Effects of chlorpromazine HCl on the structural parameters of bovine brain membranes.[Pubmed:15479625]
J Biochem Mol Biol. 2004 Sep 30;37(5):603-11.
Fluorescence probes located in different membrane regions were used to evaluate the effects of chlorpromazine .HCl on structural parameters (transbilayer lateral mobility, annular lipid fluidity, protein distribution, and lipid bilayer thickness) of synaptosomal plasma membrane vesicles (SPMVs) isolated from bovine cerebral cortex. The experimental procedure was based on the selective quenching of 1,3-di(1-pyrenyl)propane (Py-3-Py) by trinitrophenyl groups, radiationless energy transfer from the tryptophan of membrane proteins to Py-3-Py, and energy transfer from Py-3-Py monomers to 1-anilinonaphthalene-8-sulfonic acid (ANS). In this study, chlorpromazine .HCl decreased the lateral mobility of Py-3-Py in a concentration dependent-manner, showed a greater ordering effect on the inner monolayer than on the outer monolayer, decreased annular lipid fluidity in a dose dependent-manner, and contracted the membrane lipid bilayer. Furthermore, the drug was found to have a clustering effect on membrane proteins.
The Effect of 4% Lignocaine gel, 5% Amiloride HCl and 10% Chlorpromazine on E.faecalis.[Pubmed:21814358]

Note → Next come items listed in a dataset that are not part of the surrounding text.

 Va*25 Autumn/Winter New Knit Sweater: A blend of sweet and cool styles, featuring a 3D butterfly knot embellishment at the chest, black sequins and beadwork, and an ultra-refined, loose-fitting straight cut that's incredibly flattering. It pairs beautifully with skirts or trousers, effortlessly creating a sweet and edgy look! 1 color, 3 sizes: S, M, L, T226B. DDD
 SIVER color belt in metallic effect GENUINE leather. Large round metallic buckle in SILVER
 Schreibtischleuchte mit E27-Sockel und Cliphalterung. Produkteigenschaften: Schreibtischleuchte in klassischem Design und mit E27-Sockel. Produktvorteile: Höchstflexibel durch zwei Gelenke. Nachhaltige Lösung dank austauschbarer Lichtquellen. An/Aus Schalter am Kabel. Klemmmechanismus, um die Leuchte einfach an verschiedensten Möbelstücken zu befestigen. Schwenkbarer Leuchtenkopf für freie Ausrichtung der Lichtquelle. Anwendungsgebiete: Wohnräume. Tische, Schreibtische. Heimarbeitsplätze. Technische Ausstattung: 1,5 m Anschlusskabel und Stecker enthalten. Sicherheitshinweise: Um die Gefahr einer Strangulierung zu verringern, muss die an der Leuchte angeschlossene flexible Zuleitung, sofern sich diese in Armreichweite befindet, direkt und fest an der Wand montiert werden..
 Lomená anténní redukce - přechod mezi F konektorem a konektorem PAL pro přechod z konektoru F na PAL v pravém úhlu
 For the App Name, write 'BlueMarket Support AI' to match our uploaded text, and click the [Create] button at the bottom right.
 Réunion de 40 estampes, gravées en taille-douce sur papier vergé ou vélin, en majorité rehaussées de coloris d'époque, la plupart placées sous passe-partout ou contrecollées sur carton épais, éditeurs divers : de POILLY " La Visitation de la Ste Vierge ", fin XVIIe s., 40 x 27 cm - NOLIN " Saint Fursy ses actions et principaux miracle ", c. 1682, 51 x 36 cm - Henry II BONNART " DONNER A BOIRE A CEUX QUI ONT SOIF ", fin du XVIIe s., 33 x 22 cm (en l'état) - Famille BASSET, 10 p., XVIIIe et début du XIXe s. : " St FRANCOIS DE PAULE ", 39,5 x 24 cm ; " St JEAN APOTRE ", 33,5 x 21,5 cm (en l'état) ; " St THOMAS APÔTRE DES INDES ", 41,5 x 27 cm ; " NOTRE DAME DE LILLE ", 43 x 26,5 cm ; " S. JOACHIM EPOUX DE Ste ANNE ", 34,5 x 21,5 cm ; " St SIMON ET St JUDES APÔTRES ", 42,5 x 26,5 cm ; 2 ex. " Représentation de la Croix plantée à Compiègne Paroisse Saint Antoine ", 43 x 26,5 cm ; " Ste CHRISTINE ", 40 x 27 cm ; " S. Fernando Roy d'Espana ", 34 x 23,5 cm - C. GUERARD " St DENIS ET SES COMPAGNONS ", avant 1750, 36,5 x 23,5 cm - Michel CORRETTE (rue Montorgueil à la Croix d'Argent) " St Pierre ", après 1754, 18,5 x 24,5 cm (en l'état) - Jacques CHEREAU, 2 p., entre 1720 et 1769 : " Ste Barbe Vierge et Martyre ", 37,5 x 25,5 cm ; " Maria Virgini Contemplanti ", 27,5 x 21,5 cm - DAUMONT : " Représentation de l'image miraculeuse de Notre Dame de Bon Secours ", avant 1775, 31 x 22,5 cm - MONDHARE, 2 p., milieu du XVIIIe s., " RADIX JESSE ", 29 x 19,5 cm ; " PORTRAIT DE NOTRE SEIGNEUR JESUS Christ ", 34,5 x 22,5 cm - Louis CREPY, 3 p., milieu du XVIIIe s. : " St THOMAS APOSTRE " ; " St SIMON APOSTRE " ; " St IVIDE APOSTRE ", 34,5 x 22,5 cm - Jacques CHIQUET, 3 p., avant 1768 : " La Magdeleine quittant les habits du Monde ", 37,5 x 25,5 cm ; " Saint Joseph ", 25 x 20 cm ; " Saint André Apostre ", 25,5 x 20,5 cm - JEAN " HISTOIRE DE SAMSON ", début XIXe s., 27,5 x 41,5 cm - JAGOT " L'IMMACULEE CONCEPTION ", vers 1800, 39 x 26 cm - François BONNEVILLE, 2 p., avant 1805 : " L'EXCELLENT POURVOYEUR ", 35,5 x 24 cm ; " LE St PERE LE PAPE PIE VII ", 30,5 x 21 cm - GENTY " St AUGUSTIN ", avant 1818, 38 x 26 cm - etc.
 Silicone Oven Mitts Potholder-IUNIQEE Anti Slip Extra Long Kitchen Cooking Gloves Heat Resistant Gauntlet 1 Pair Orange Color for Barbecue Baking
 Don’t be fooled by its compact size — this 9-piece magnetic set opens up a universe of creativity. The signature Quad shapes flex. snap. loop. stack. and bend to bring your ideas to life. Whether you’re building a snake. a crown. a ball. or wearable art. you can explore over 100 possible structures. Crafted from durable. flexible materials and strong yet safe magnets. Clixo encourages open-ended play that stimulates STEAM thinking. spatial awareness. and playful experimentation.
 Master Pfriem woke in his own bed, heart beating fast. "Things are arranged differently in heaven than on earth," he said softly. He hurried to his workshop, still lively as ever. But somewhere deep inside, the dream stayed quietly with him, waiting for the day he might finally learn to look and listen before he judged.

J Conserv Dent. 2011 Apr;14(2):160-3.
INTRODUCTION: Thorough disinfection of the root canal system is essential for the success of root canal therapy. Enterococcus faecalis is the most frequently found species in persistent/secondary intracanal infection associated endodontic treatment failure. The aim of this study was to evaluate the disinfection of dentinal tubules using 10% Chlorpromazine, 4% Lignocaine gel, 5% Amiloride hydrochloride in comparison with 2% chlorhexidine gel. MATERIALS AND METHODS: The antibacterial efficacy of the four medicaments against Enterococcus faecalis was assessed in vitro using extracted human first and second mandibular premolar teeth at the depths of 200 mum and 400 mum. RESULTS: The overall percentage inhibition of bacterial growth was 100% with 2% chlorhexidine gel followed by 10% chlorpromazine (88.8%), 4% lignocaine gel (76.4%) and 5% amiloride hydrochloride (71.4%). CONCLUSION: 2% chlorhexidine gel was most effective against E. faecalis followed by the newer non- antibiotic medicament 10% chlorpromazine when compared to the other medicaments tested.